** Opening INFORMATION SUPPLIED block **

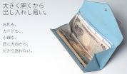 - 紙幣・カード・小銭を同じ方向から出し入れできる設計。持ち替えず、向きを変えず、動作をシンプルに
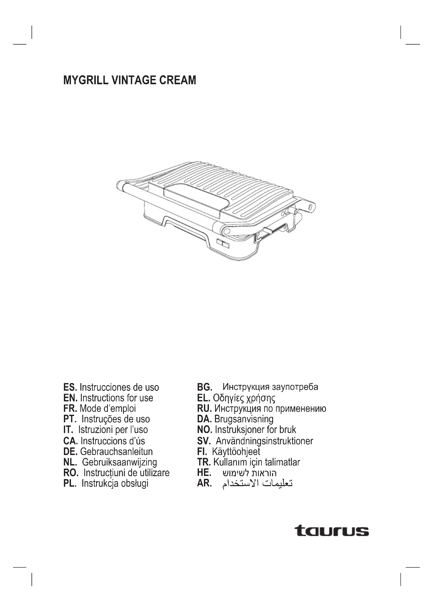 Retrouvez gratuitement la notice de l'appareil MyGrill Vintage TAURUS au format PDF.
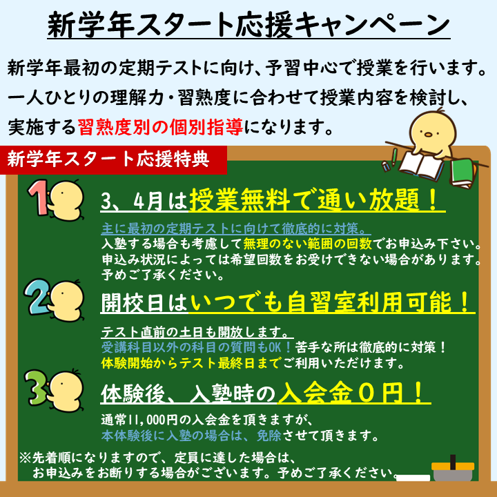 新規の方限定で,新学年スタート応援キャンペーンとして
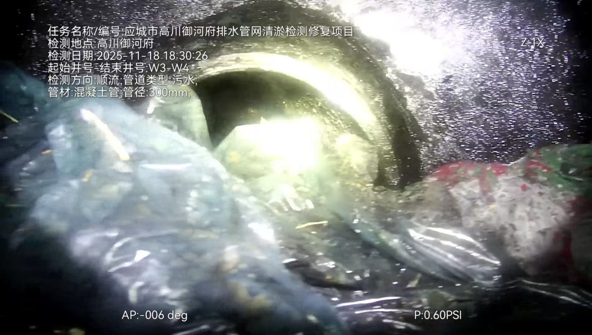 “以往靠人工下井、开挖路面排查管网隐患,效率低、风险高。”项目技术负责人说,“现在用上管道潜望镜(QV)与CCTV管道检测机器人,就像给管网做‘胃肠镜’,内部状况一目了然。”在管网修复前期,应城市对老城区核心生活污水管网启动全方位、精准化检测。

** Closing INFORMATION SUPPLIED block **

> **WHAT YOU ARE ASKED TO DO**: The copy must match the listing above exactly, except that it holds no pictures.

> **TASK RESPONSE**:
 - 紙幣・カード・小銭を同じ方向から出し入れできる設計。持ち替えず、向きを変えず、動作をシンプルに
 Retrouvez gratuitement la notice de l'appareil MyGrill Vintage TAURUS au format PDF.
 新規の方限定で,新学年スタート応援キャンペーンとして
 “以往靠人工下井、开挖路面排查管网隐患,效率低、风险高。”项目技术负责人说,“现在用上管道潜望镜(QV)与CCTV管道检测机器人,就像给管网做‘胃肠镜’,内部状况一目了然。”在管网修复前期,应城市对老城区核心生活污水管网启动全方位、精准化检测。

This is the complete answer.